Fig. 8 is a schematic block diagram of a terminal device 600 according to an embodiment of the present application. As shown in fig. 8, the terminal apparatus 600 includes:

a receiving unit 610, configured to receive configuration information sent by a network device, where the configuration information is used to configure at least two control resource sets that are partially or completely overlapped on a time-frequency resource and a configuration parameter corresponding to each control resource set in the at least two control resource sets, and configuration parameters corresponding to any two control resource sets in the at least two control resource sets are different;

a processing unit 620, configured to monitor the PDCCH on the overlapped time-frequency resource according to a configuration parameter corresponding to a first control resource set of the at least two control resource sets.

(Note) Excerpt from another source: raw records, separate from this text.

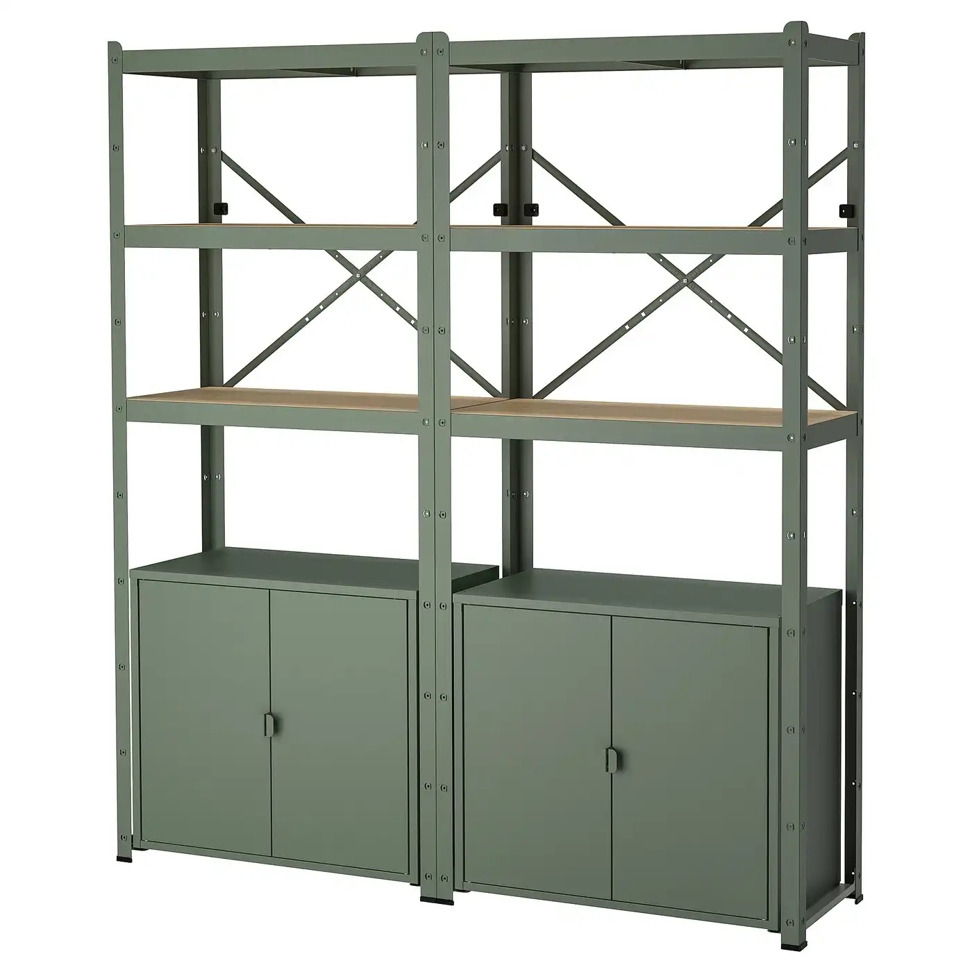 (3 products)BROR Shelving unit with cabinets - grey-green/pine plywood 170x40x190 cm
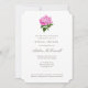 Facile à customiser texte formel et élégant invités invitations pour célébrer la mariée d'être dans le nouveau style traditionnel grand millénaire avec une palette de couleurs féminines de joli rose et vert sur arrière - plan blanc propre et accentué par une illustration antique d'une fleur d'hydrangée fuchsia.
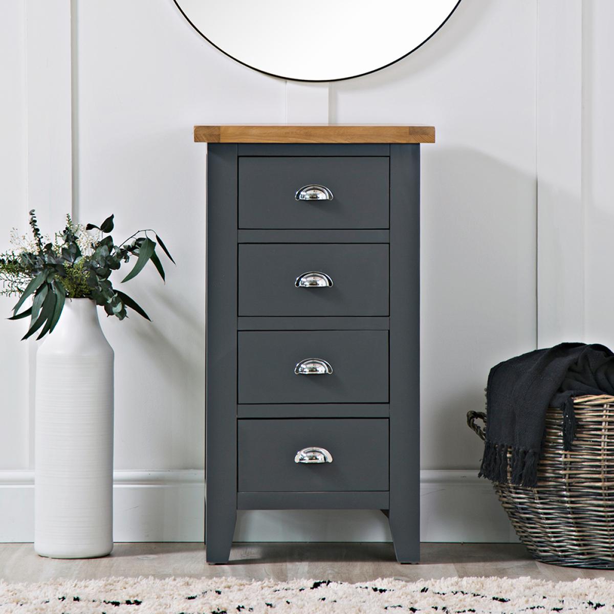 Suffolk Midnight Grey Painted Oak 4 Drawer Tallboy
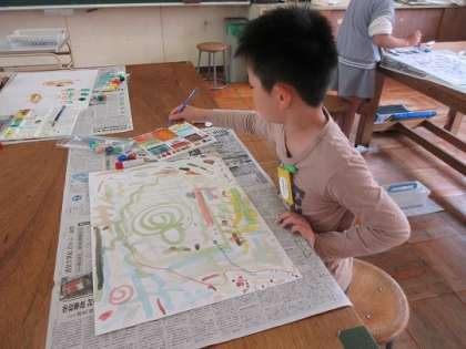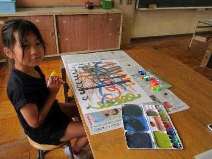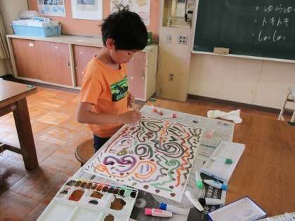 ふでを使い、イメージを膨らませながら取り組んでいます。

Optionally, the at least two control resource sets include a user-specific control resource set and a common control resource set, the user-specific control resource set is used for transmitting a user-specific PDCCH, the common control resource set is used for transmitting a common PDCCH or a user-specific PDCCH, and the first control resource set is the common control resource set.

Optionally, the receiving unit 610 is further configured to receive indication information sent by the network device, where the indication information is used to indicate that the PDCCH is monitored on the overlapped time-frequency resource according to the configuration parameter corresponding to the common control resource set.

Optionally, the processing unit 620 is further configured to pre-configure a configuration parameter corresponding to the common control resource set, and monitor the PDCCH on the overlapped time-frequency resource.

Optionally, the processing unit 620 is further configured to monitor the user-specific PDCCH on the overlapped time-frequency resource.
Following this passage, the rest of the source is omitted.